As Wachovia learned, companies need to clearly think through their customer communication protocols. Best practices include giving all e-mails and webpages a consistent look and feel, greeting customers by first and last name in e-mails, and never asking for personal or account data through e-mail. If any time-sensitive personal information is sent through e-mail, it has to be encrypted. Marketers may wring their hands at the prospect of not sending customers links that would take them directly to targeted offers, but instructing customers to bookmark key pages or linking to special offers from the homepage is a lot more secure. That way, companies are training their customers not to be duped.
It also makes sense to revisit what customers are allowed to do on your website. They should not be able to open a new account, sign up for a credit card or change their address online with just a password. At a minimum, companies should acknowledge every online transaction through e-mail and one other method of the customer's choosing (such as calling the phone number on record) so that customers are aware of all online activity on their accounts. And to make it more difficult for phishers to copy online data-capture forms, organizations should avoid putting them on the website for all to see. Instead, organizations should require secured log-in to access e-commerce forms.
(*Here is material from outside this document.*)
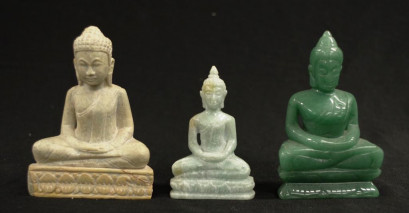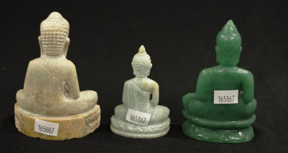Lot Description:Three various Oriental hard stone Buddha figurines

At the end of the day, though, better authentication is the best way to decrease the likelihood that phishers will target your organization. Banks are beginning to experiment with technologies like RSA tokens, biometrics, one-time-use passwords and smart cards, all of which make their customers' personal information less valuable for phishers.
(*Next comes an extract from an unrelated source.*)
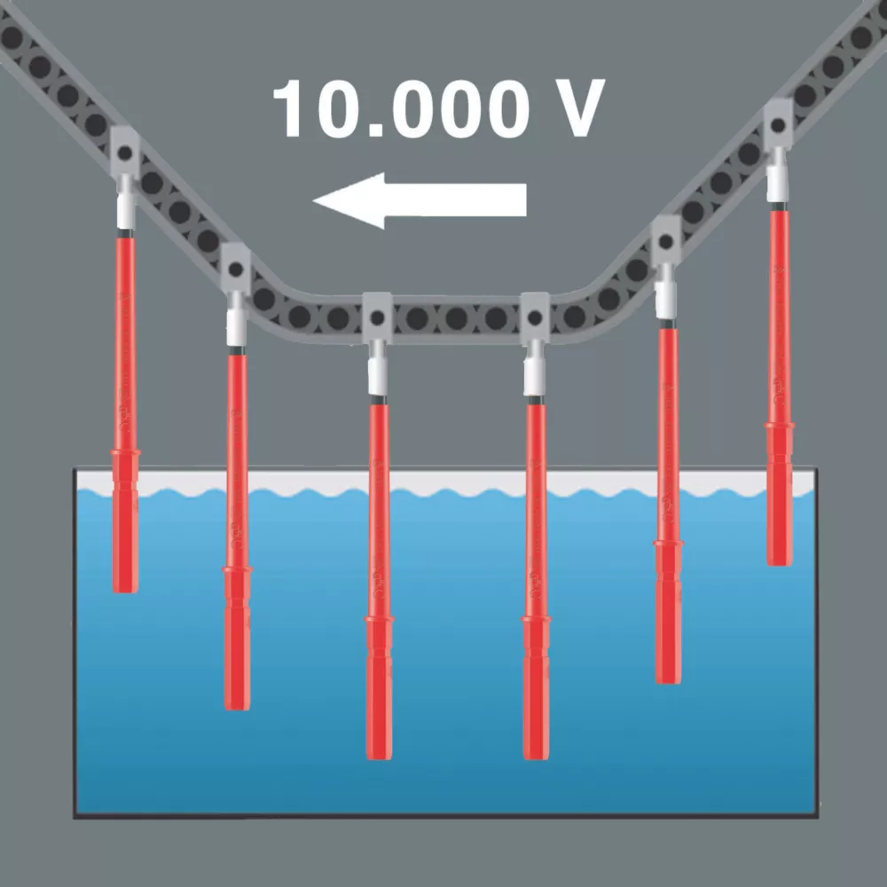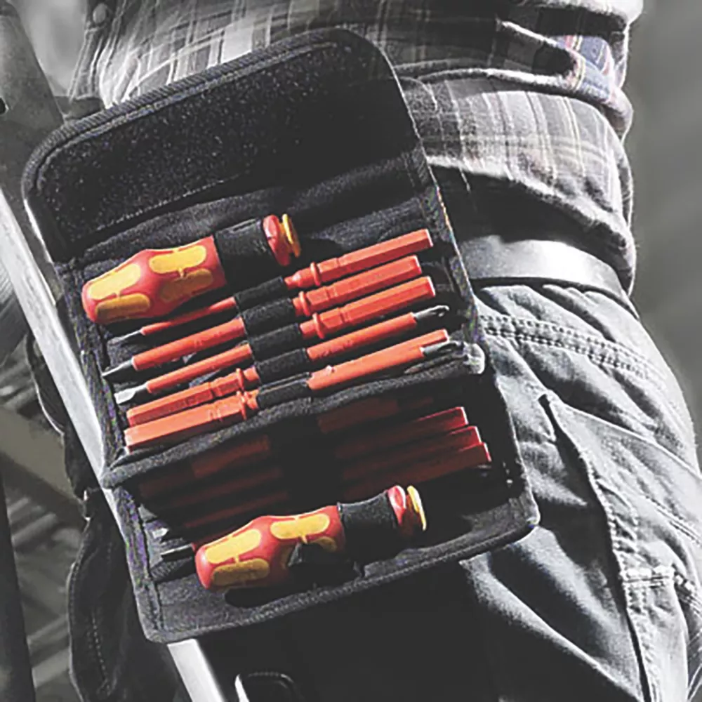 Interchangeable blade screwdriver set with 817 Kraftform VDE blade holding screwdriver handle. Kraftform Kompakt VDE components undergo a dielectric strength test to reassure users that their screwdrivers have been exhaustively tested for their most important feature: insulation. Handle features Kraftform ergonomics with hard-gripping zones for high working speeds and soft zones ensuring comfort during intensive use and high torque transfer. For Kraftform Kompakt VDE blades the handle/interchangeable blade system allows a rapid exchange of the blade and multiple applications. Extra-slim blade design allows easy access to sunken screws and spring elements. Supplied in a robust but lightweight pouch.

One midsized bank was able to cut its phishing-related ATM card losses by changing its authentication process. Every ATM card has data encoded on its magnetic strip that the customer can't see but that most ATM machines can read. The bank worked with its network provider to use that hidden information to authenticate ATM transactionsan important step that, according to Gartner, only about half of U.S. banks had taken by mid-2005. "Since the number isn't printed on the back of the card, customers can't accidentally disclose it," the bank's CISO explained. The information was already in the cards, so the bank didn't have to go through an expensive process of reissuing cards. "It was a very economical solution, and it's been very effective," said the CISO.